+++ DATA SUPPLIED
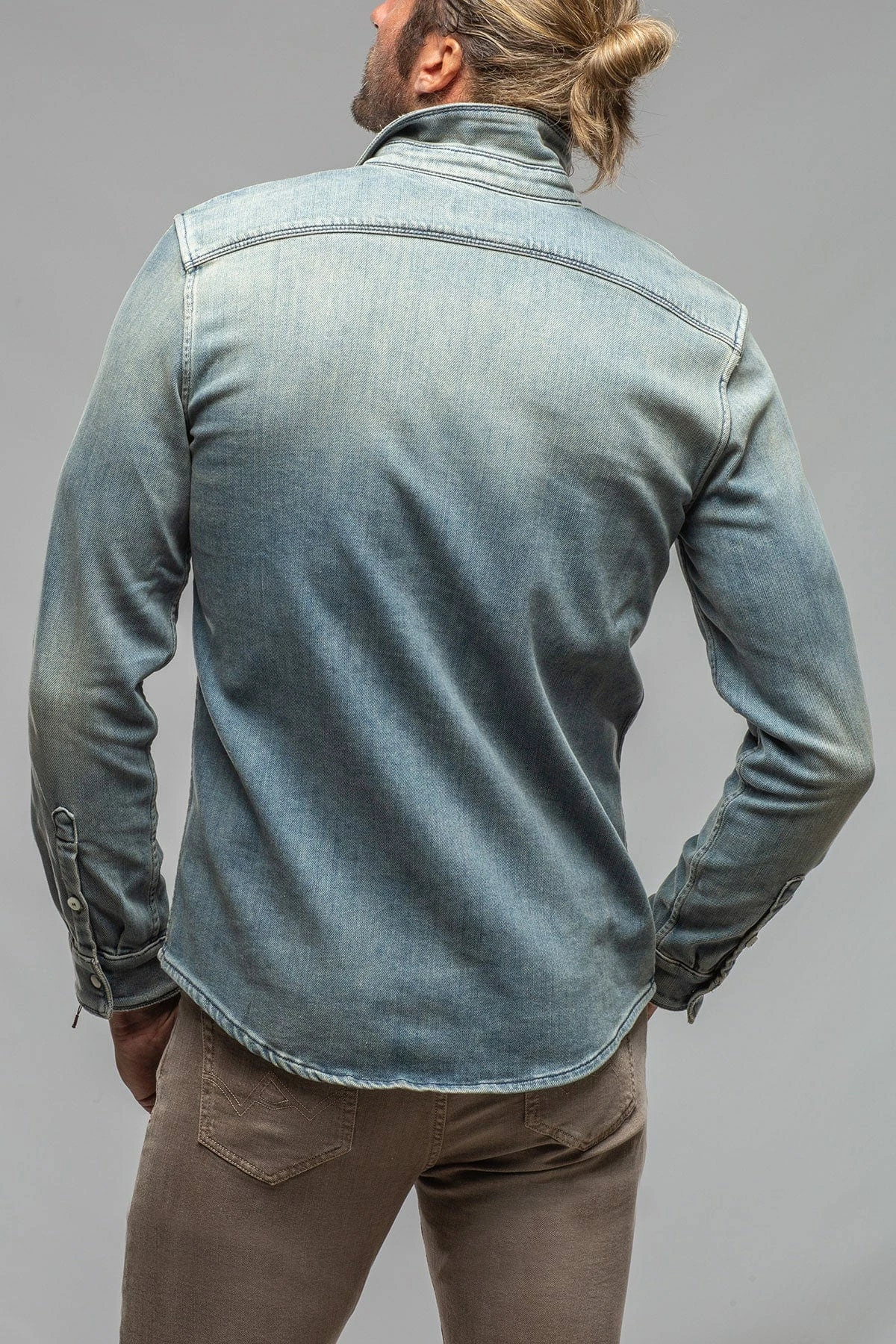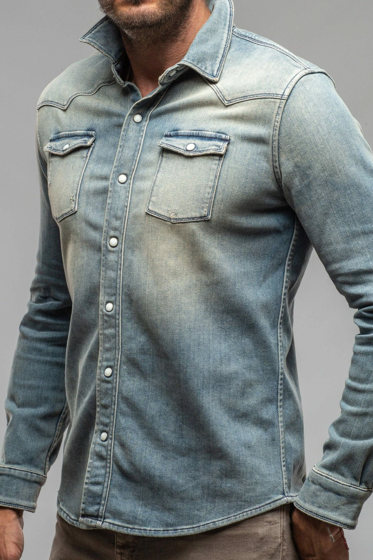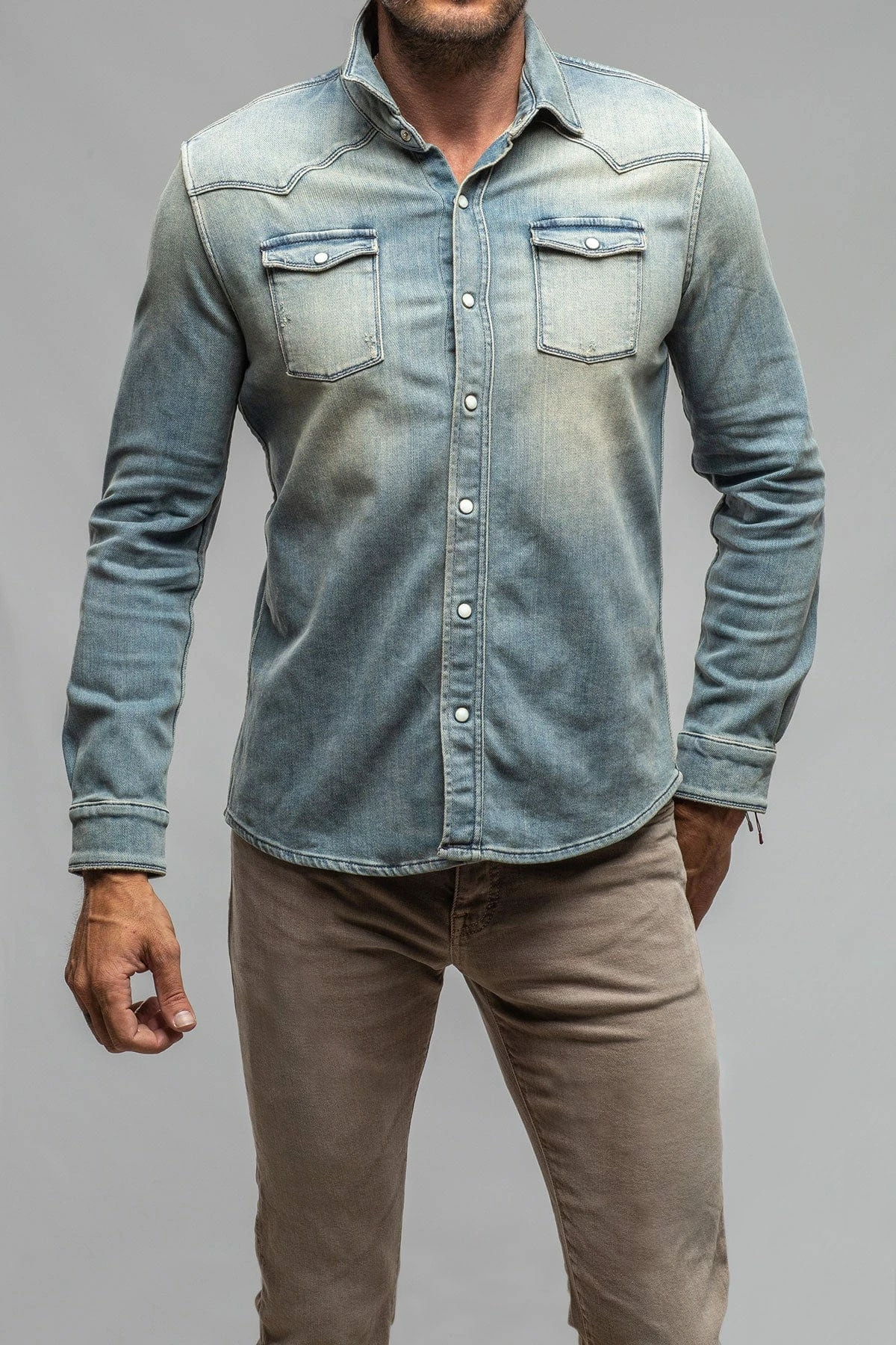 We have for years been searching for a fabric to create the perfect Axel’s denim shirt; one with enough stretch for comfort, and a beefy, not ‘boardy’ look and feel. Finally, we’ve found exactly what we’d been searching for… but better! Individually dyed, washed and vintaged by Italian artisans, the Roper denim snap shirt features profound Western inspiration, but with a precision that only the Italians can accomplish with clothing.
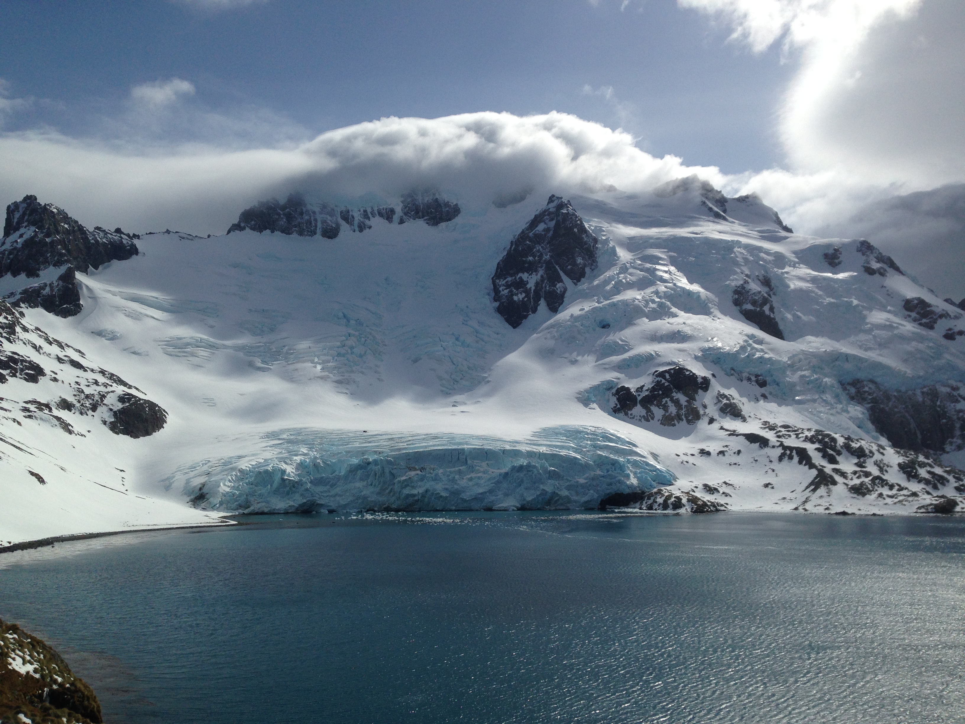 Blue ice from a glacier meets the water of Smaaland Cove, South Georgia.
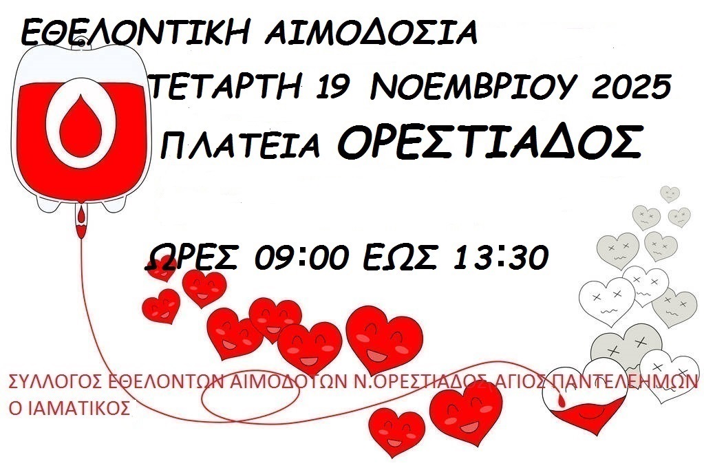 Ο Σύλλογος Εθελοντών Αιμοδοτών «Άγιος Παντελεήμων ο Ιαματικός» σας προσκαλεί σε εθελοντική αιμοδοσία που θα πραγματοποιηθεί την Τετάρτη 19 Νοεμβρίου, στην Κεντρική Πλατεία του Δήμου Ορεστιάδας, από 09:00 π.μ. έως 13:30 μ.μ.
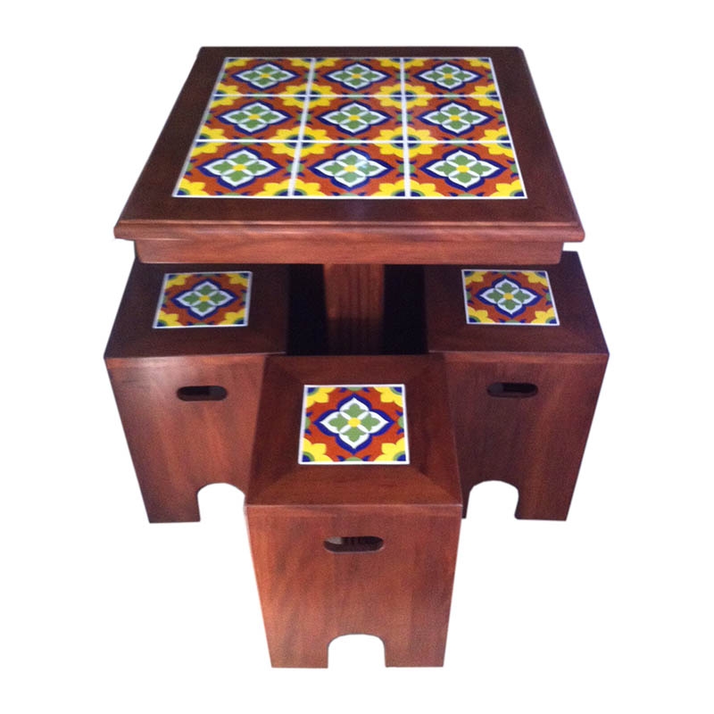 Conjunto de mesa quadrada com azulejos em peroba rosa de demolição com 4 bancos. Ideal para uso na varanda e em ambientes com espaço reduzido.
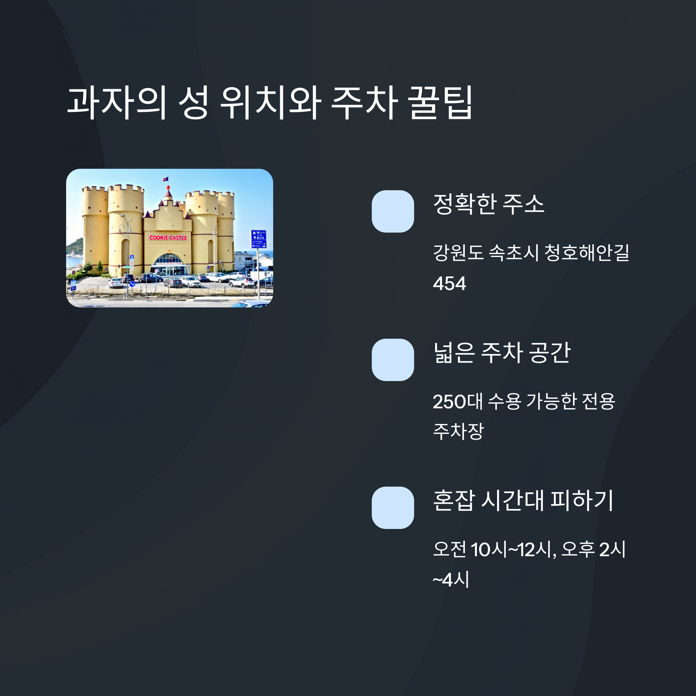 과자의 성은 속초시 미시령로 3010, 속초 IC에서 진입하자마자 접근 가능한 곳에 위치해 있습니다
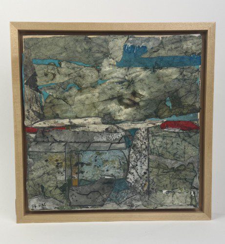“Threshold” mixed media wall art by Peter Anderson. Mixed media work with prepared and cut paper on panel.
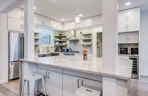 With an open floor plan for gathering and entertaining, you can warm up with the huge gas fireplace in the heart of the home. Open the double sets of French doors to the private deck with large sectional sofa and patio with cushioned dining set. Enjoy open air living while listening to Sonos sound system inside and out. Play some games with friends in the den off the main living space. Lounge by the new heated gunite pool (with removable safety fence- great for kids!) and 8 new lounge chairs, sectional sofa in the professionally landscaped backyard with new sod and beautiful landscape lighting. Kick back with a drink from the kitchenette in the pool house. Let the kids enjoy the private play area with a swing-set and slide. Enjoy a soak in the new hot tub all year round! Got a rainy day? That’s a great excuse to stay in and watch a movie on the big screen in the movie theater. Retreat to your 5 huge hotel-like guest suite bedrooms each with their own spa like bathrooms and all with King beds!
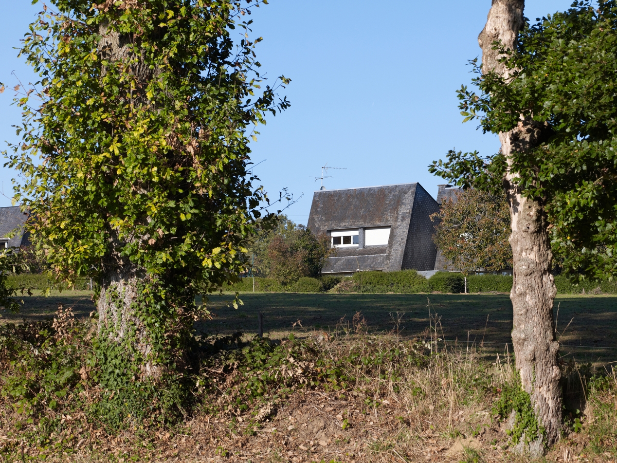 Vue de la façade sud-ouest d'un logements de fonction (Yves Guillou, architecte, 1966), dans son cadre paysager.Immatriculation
++++++
▸ **WHAT IS BEING ASKED**
Leaving the images out, print the records above exactly.

▸ **SOLUTION**
 We have for years been searching for a fabric to create the perfect Axel’s denim shirt; one with enough stretch for comfort, and a beefy, not ‘boardy’ look and feel. Finally, we’ve found exactly what we’d been searching for… but better! Individually dyed, washed and vintaged by Italian artisans, the Roper denim snap shirt features profound Western inspiration, but with a precision that only the Italians can accomplish with clothing.
 Blue ice from a glacier meets the water of Smaaland Cove, South Georgia.
 Ο Σύλλογος Εθελοντών Αιμοδοτών «Άγιος Παντελεήμων ο Ιαματικός» σας προσκαλεί σε εθελοντική αιμοδοσία που θα πραγματοποιηθεί την Τετάρτη 19 Νοεμβρίου, στην Κεντρική Πλατεία του Δήμου Ορεστιάδας, από 09:00 π.μ. έως 13:30 μ.μ.
 Conjunto de mesa quadrada com azulejos em peroba rosa de demolição com 4 bancos. Ideal para uso na varanda e em ambientes com espaço reduzido.
 과자의 성은 속초시 미시령로 3010, 속초 IC에서 진입하자마자 접근 가능한 곳에 위치해 있습니다
“Threshold” mixed media wall art by Peter Anderson. Mixed media work with prepared and cut paper on panel.
 With an open floor plan for gathering and entertaining, you can warm up with the huge gas fireplace in the heart of the home. Open the double sets of French doors to the private deck with large sectional sofa and patio with cushioned dining set. Enjoy open air living while listening to Sonos sound system inside and out. Play some games with friends in the den off the main living space. Lounge by the new heated gunite pool (with removable safety fence- great for kids!) and 8 new lounge chairs, sectional sofa in the professionally landscaped backyard with new sod and beautiful landscape lighting. Kick back with a drink from the kitchenette in the pool house. Let the kids enjoy the private play area with a swing-set and slide. Enjoy a soak in the new hot tub all year round! Got a rainy day? That’s a great excuse to stay in and watch a movie on the big screen in the movie theater. Retreat to your 5 huge hotel-like guest suite bedrooms each with their own spa like bathrooms and all with King beds!
 Vue de la façade sud-ouest d'un logements de fonction (Yves Guillou, architecte, 1966), dans son cadre paysager.Immatriculation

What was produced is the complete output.